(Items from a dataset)
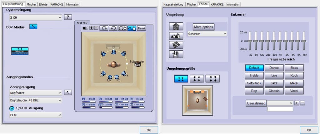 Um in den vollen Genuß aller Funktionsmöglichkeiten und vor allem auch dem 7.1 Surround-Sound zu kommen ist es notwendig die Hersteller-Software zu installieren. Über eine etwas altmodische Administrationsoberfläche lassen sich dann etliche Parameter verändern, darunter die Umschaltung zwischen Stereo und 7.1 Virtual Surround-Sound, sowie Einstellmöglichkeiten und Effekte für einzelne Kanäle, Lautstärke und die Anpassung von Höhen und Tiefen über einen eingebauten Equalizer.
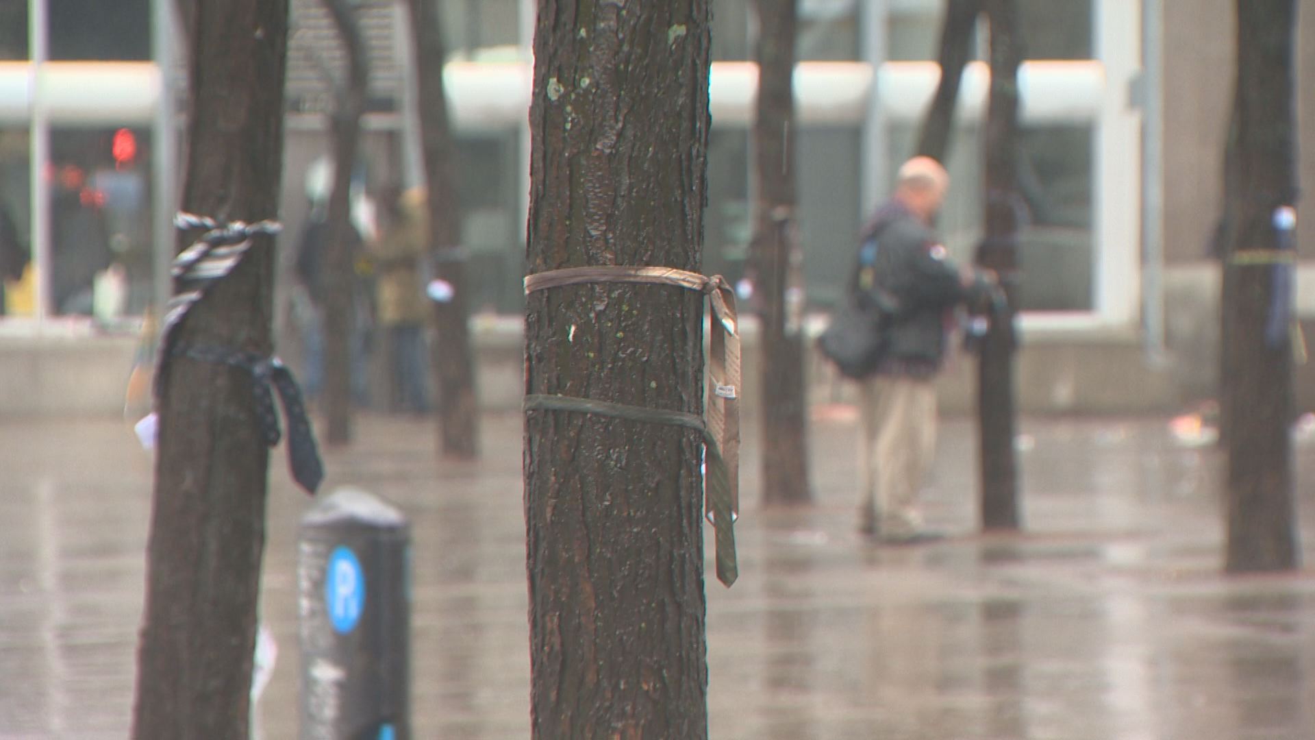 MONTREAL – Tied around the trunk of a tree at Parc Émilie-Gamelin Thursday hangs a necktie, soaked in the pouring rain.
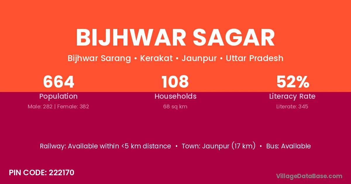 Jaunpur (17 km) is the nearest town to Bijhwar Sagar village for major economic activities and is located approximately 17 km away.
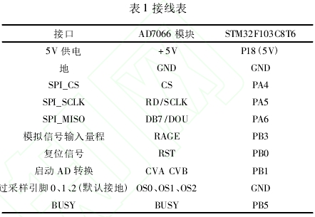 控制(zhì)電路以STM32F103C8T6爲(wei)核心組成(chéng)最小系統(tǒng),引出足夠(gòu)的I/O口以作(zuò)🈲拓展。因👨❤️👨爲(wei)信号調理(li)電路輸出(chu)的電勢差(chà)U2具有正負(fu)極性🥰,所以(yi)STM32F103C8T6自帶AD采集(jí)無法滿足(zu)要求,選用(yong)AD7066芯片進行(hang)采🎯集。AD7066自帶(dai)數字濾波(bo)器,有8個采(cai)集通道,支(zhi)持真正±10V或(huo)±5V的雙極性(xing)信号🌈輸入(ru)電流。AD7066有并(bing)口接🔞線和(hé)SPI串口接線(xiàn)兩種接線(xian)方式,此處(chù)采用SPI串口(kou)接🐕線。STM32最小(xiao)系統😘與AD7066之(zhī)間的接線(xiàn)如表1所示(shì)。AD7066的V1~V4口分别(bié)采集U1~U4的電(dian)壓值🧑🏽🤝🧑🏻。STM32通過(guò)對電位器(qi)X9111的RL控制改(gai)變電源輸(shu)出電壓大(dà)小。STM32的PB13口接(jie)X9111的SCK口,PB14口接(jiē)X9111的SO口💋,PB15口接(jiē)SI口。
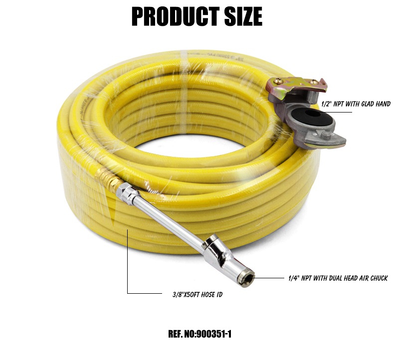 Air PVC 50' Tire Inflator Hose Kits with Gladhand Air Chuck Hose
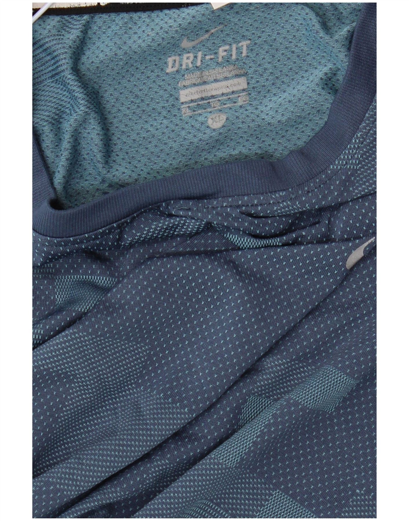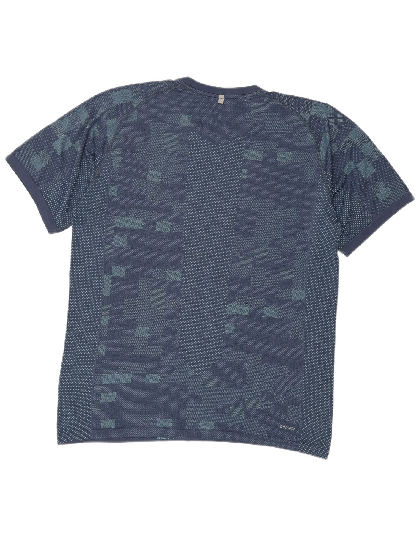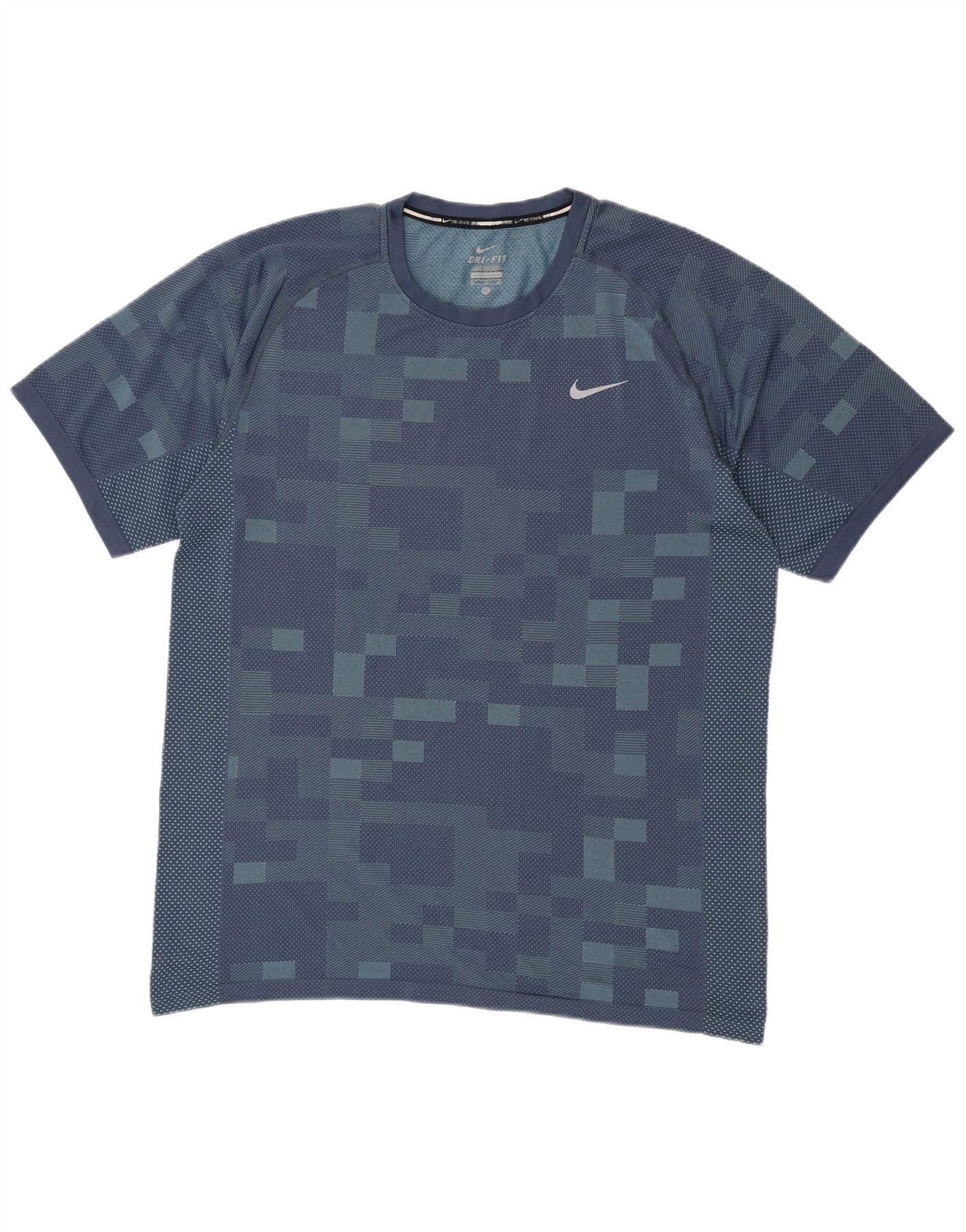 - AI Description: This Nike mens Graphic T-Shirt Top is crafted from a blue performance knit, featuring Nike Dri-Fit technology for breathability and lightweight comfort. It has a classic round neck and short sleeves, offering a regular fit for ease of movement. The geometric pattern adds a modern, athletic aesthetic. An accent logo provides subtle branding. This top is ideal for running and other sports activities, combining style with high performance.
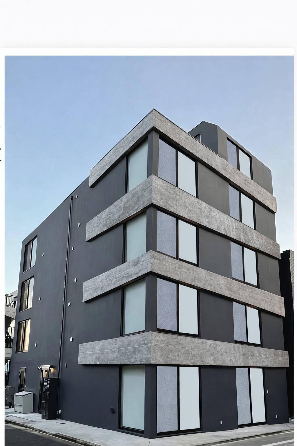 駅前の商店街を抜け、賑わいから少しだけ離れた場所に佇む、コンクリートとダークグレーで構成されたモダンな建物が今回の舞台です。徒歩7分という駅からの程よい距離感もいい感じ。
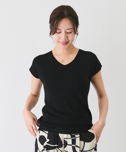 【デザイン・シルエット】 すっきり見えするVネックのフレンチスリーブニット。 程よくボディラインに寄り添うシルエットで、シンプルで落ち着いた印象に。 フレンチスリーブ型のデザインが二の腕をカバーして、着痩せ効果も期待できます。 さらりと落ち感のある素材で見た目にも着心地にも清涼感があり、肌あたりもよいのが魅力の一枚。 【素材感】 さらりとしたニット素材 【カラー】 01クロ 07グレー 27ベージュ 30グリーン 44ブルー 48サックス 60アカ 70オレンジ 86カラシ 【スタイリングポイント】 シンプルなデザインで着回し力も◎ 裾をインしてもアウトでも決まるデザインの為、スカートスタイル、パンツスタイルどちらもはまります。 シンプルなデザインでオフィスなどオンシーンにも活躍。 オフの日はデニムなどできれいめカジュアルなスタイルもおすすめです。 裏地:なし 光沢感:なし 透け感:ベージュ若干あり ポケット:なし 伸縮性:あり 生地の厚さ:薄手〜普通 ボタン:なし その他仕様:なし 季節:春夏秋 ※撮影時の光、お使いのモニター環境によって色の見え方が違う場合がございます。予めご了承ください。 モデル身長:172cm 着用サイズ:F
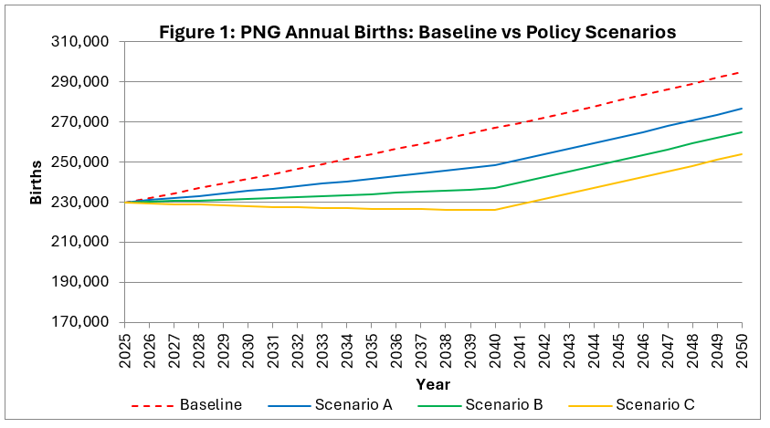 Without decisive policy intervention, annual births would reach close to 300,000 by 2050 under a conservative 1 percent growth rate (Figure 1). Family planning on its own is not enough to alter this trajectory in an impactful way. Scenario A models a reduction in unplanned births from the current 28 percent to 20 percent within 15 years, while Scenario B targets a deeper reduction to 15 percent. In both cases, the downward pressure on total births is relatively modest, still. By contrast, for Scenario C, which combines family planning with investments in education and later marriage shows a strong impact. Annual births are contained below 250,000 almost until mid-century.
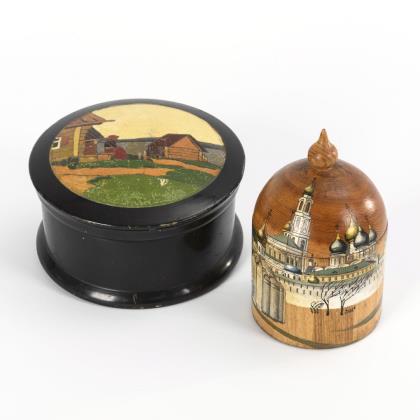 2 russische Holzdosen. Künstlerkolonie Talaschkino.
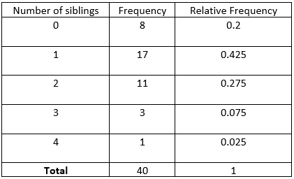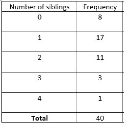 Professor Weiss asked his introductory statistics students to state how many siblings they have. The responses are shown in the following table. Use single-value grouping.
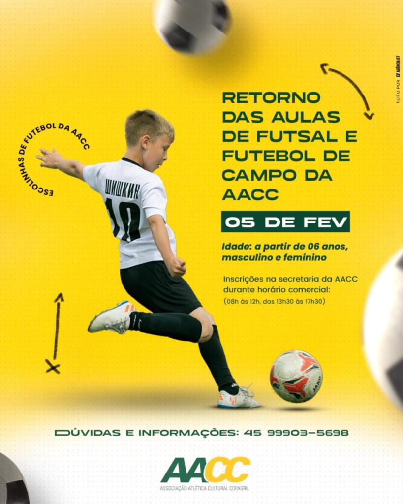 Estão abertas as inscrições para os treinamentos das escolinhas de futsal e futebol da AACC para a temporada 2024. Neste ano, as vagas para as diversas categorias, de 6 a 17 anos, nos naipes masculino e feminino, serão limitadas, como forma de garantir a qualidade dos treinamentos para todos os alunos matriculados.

# Exercise objective:
Restate, exactly as they appear, the line with "Professor Weiss asked" and all the lines after it up to the end of the data above; images do not belong in the copy.

# Final answer:
 Professor Weiss asked his introductory statistics students to state how many siblings they have. The responses are shown in the following table. Use single-value grouping.
 Estão abertas as inscrições para os treinamentos das escolinhas de futsal e futebol da AACC para a temporada 2024. Neste ano, as vagas para as diversas categorias, de 6 a 17 anos, nos naipes masculino e feminino, serão limitadas, como forma de garantir a qualidade dos treinamentos para todos os alunos matriculados.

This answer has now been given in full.